CREDIT: U.S. News & World Report
The results should be taken with a grain of salt. As U.S. News noted, each study used a different methodology to come up with their numbers. “There’s no standardized way of doing it that everyone can agree to,” Garry George, the renewable energy director for Audubon California, told the magazine.
In addition, some of the research used is outdated, and does not take into account that renewable power stands to increase in the United States. For example, the study used to estimate bird deaths from United States wind power was from 2009, and wind power has increased substantially in the United States since then. According to the American Wind Energy Association, total installed wind capacity in the U.S. was approximately 35,000 megawatts — a number that has increased to about 61,000 for 2014. Those numbers stand to increase as well, as more than 12,000 megawatts of wind capacity were currently under construction at the end of 2013, according to AWEA.

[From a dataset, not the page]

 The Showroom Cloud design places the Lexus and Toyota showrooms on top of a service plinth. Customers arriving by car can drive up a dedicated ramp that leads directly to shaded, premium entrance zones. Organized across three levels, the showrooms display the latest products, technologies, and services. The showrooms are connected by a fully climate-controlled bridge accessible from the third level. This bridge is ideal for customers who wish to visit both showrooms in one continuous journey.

The research also varies by source. Both the low and high estimates of wind power bird deaths came from a peer-reviewed study in the journal Biological Conservation, and was essentially a round-up of all available data peer-reviewed studies on the matter done by other scientists. For oil and gas, both the low and high estimates came from a Bureau of Land Management memo from 2012.
The low estimate for bird deaths from solar power comes from the solar company BrightSource, which was recently accused by the Center for Biological Diversity of operating a solar farm that kills as many as 28,000 birds a year. The high estimate comes from the Center for Biological Diversity, whose estimate is just from that one solar farm in California. Bird deaths from solar farms have been estimated to be relatively low, though — a U.S. Fish and Wildlife study earlier this year found only 233 bird deaths at three different solar farms in California over the course of two years.

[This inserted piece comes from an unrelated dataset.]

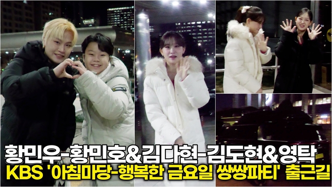 [뉴스인스타 양철수기자] 1월 2일(금) 오전, 서울시 영등포구 여의도 KBS 본관에서 진행되는 KBS 1TV ‘아침마당 - 행복한 금요일 쌍쌍파티’ 생방송 출연을 위해 가수 김연자, 영탁, 김도현, 김다현, 황민우, 황민호가 방송국에 도착하고 있다.

As for coal, those bird death numbers came from a peer-reviewed study in the journal Renewable Energy. That estimate had a more sweeping methodology, though, with the study’s author including everything from coal mining to production — and bird deaths from climate change that coal emissions produce. Together, that amounted to about five birds per gigawatt-hour of energy produced by coal, almost 8 million per year.
Either way, U.S. News notes that none of these numbers hold a candle to cats, which are estimated to kill 1.4 to 3.7 billion birds every year.